My dad was a sweet, lovable and wildly overprotective father.  But he was also an alcoholic who was painful to watch.  He worked for General Motors, barely doing what needed to be done to keep from getting fired.  Before GM, he enlisted in the war and served on the front lines in combat at Viet Nam. I believe part of why he enlisted was because he was mentally ill and he needed the war to give him an excuse for some of his constant run ins with trouble.  Don’t get me wrong, I am proud of his service.  He drove a tank, he walked the line and he was a demolitions expert.  But he had no regard for his own life.  He just wanted to impress his parents so badly that he put his life on the line.  And in the end, his mother didn’t see him as a hero.  She actually told him she was disappointed in him for making such a risky decision.  My father only wanted to make his mother proud, but I am convinced that she was incapable of telling him what he wanted to hear.  I don’t know why.  And I am forever disappointed in her because of it.  My father was a good man who made a lot of bad choices.  I love and respect him.  I’m forever grateful that by the end of his life, I earned his praise so much that my reward meant more to him than hers.

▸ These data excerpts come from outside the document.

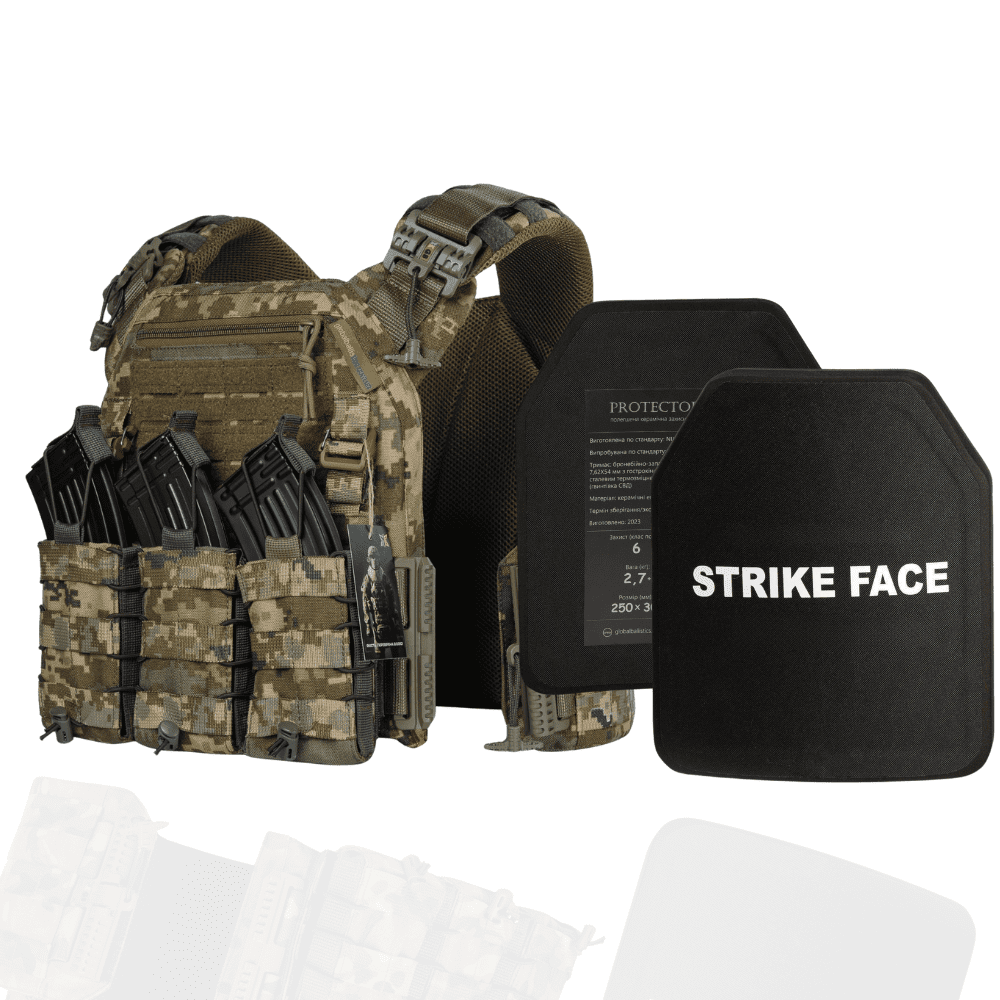 Міцний та надійний варіант бронежилету (6 клас по ДСТУП або NIJ IV по світовій класифікації) при вазі всього 6.2 кг. В комплект входить: дві керамічні бронеплити 6-го класу захисту (вага кожної 2.8 кг.) та плитоноска Warmor Gen. 3 покращена із системою швидкого скидання, супер м’якими підплічниками та матеріалу CORDURA 1000. Саме в такому комплекті броні виконують свої завдання спец підрозділи армії США, Франції, Британії та ін.
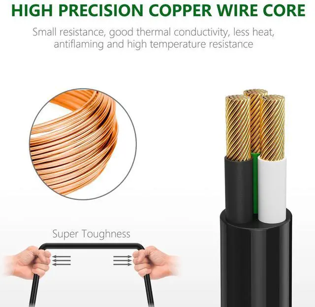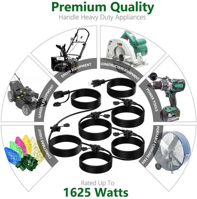 Providing highest quality with a Sturdy Long-Lasting Construction, durable vinyl covering insulating and protecting the cord's conducting wires, plus resists moisture, abrasion, and the damaging effects of sunlight, and resistant to extreme temperature which will not crack or deteriorate.
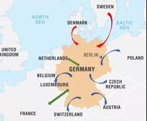 在地圖上顯示各國與德國的進(jìn)出口關(guān)系如下。

My father was a complex character.  I need to take a very long time to explain him and I just don’t have it in me right now.  But this is the first swing of the hammer at the large block that is his story.  It’s a start.

 

I will write it all out at some point and I hope that when I do I do it justice.  I love my father.  At certain points in my life he has been, and in ways he will forever be my hero, my best friend and my muse.  He taught me so very much about being a human being, being a writer, being a truth seeker.  He allowed me to be free and never to fear getting caught.

I want you all to know my dad the way I know my dad.  I want you all to see Joe Czahur the way that I do, but you can’t because that’s a special view that only I get to have.  And even though it would be stellar to share it, it’s even more fantastic to keep it sacred.